The Bihar Legislative Assembly passed the Bihar Special Armed Police Bill 2021 on 23 March. The passage of the Bill was marked by violence that included a scuffle in the Assembly that captured national headlines. The Bill proposes to rename the Bihar Military Police - the State Armed Police Force of Bihar - to the ‘Bihar Special Armed Police’ (BSAP) and grants it powers that are not given to any State armed police force. Opposition parties in Bihar vehemently protested the Bill and claimed that it effectively transforms a part of Bihar’s police force into an armed militia.     

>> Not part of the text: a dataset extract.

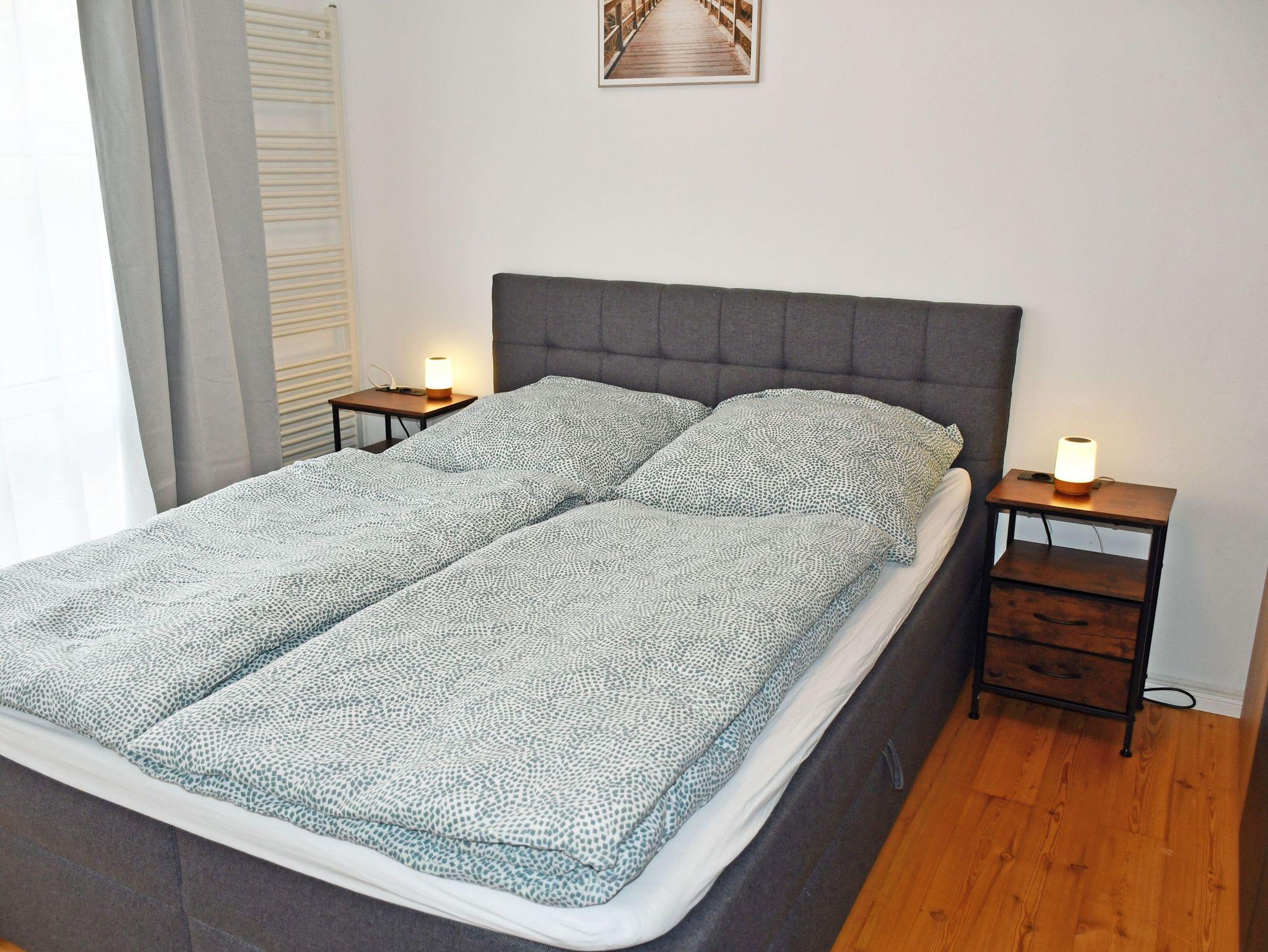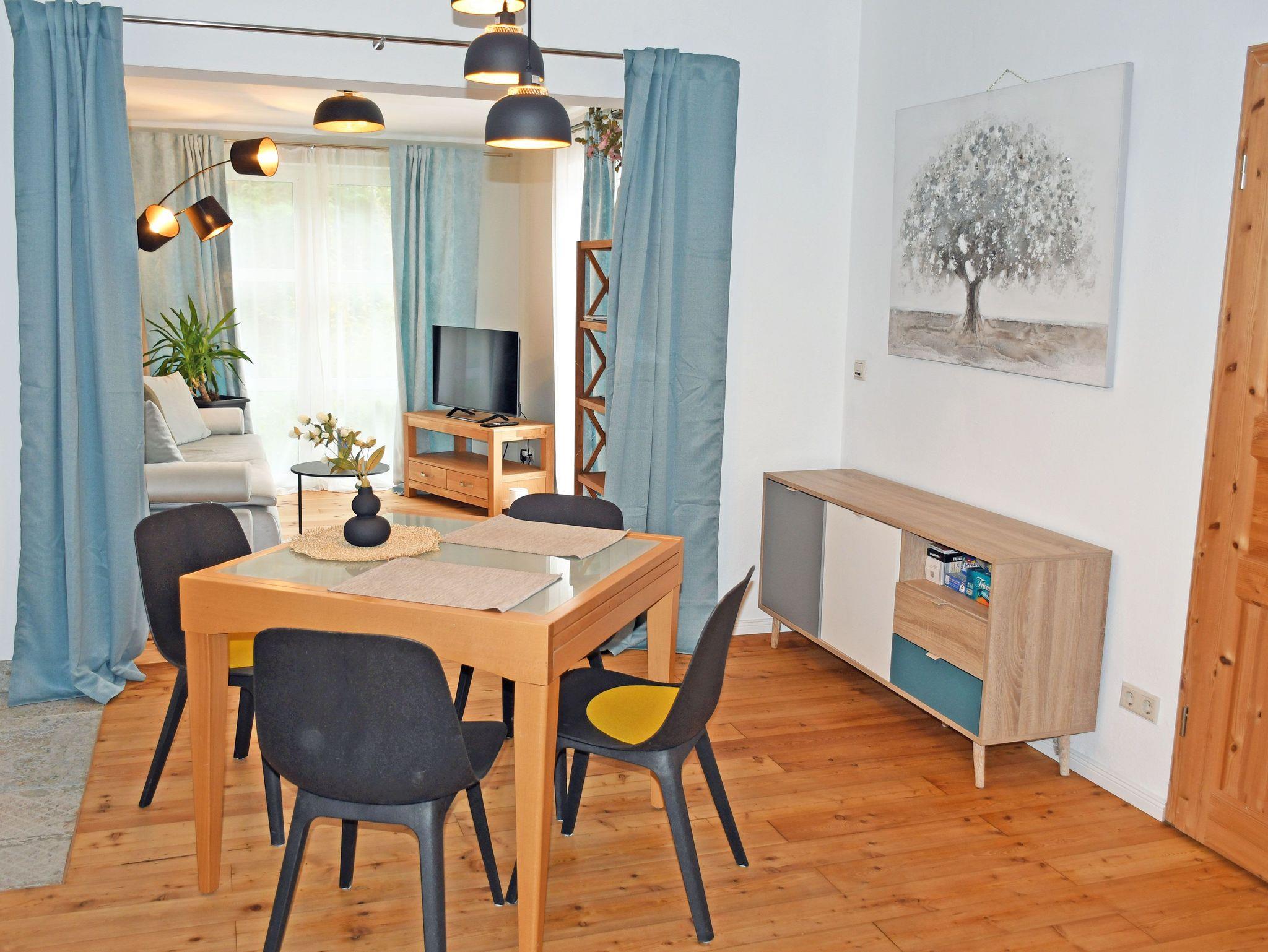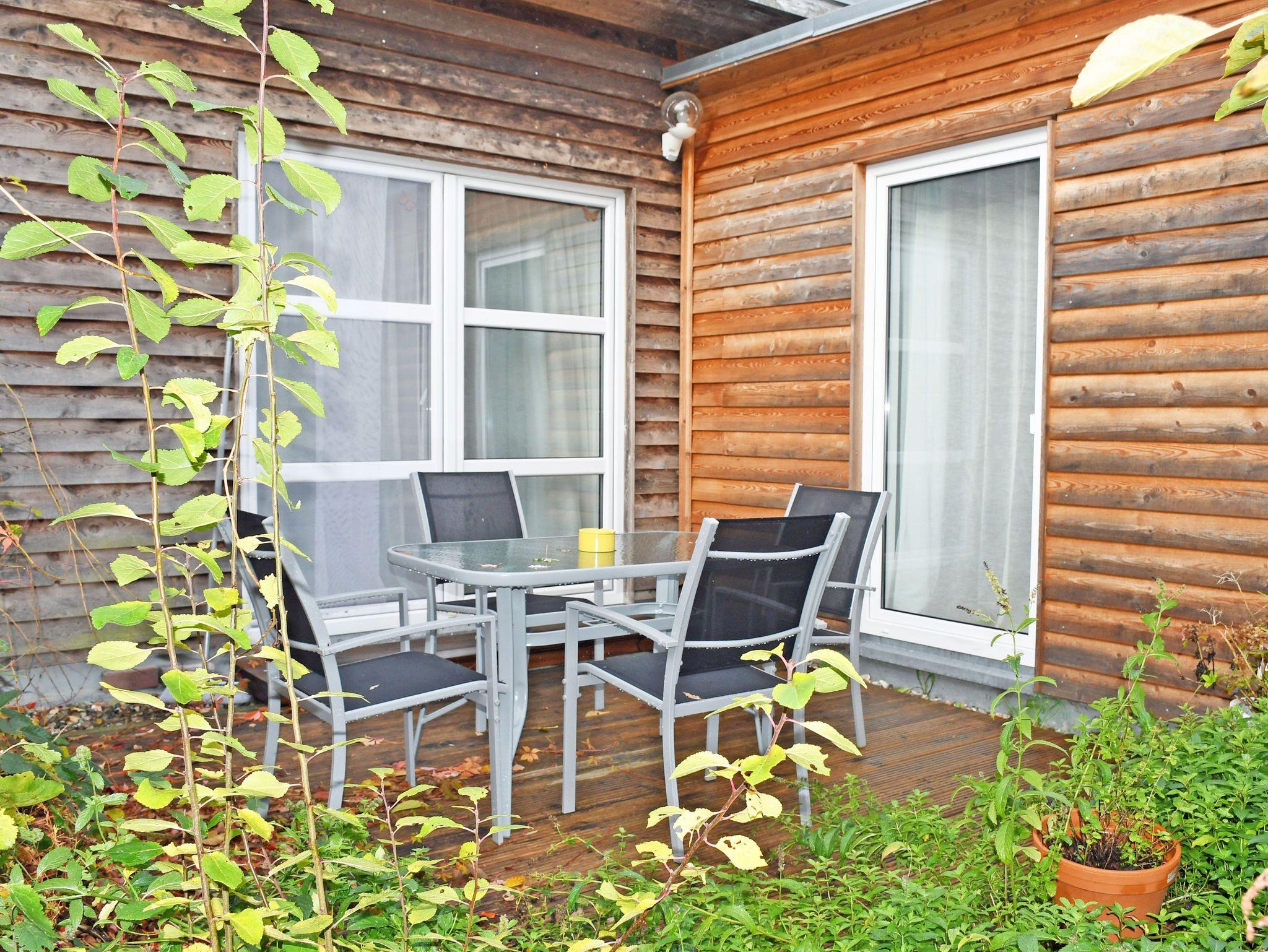 Moderne, ruhige Ferienwohnung mit Terrasse nahe dem Strelasund in Stralsund für entspannte Urlaubstage.

The Bill's preamble stated that its provisions are necessary for the maintenance of public order, combating extremism and ensuring that specific establishments are secured and protected. The Bihar government’s press statement stated that the Bill, ‘aims to develop the Bihar Military Police into a well-trained and fully equipped armed police force with multi-domain expertise to cater to the development needs and the larger interest of the state...’.  

A close look at the Bill reveals something curious: its core provisions resemble those of the infamous Armed Forces (Special Powers) Act, 1958 (AFSPA) that gives exceptional powers to the Indian Army. These special powers have been subject to intense controversy for decades and heavily criticised by human rights activists.   

So, how does the Bill resemble the AFSPA?  

First, much like the AFSPA, the Bill allows the BSAP to search and arrest without seeking a warrant from a Court or Magistrate. A Special Armed Police Officer may arrest any person against whom there is ‘reasonable suspicion' of committing hurt or a cognizable offence to life or property or any other offence under Section 7 of the Bill. The officer may also detain and search a person who they believe might escape or conceal evidence.   

Second, the Courts cannot take cognizance of any offence committed by an officer under this Bill unless a report with the sanction of a higher officer is authorized by the Government.   

Lastly, exactly like the AFSPA, the Bill also requires any person arrested and taken into custody to be taken to an officer or the nearest police station along with a report of the circumstances of the arrest. Unlike the provision under the Criminal Procedural Code, 1973 the AFSPA and the Bill do not prescribe a time limit for detention nor require the arrested person to be presented before a magistrate.  

During a debate on federalism in the Constituent of Assembly of India, a group of Members wanted clarification on the distinction between the Army and the Police. The Assembly President raised the question put forth by HN Kunzru: 'whether a province will be able to raise an army, without calling it an army, but calling it police? To this, B.R. Ambedkar replied, ‘…if a province is going to play a fraud on the Constitution, the Centre will be strong enough to see that that fraud is not perpetrated.’  

The Bihar government through the Bill has given extraordinary powers to a unit of its police force that until now have only been given to the Indian Army.   

Would Ambedkar have called this a fraud on the Constitution?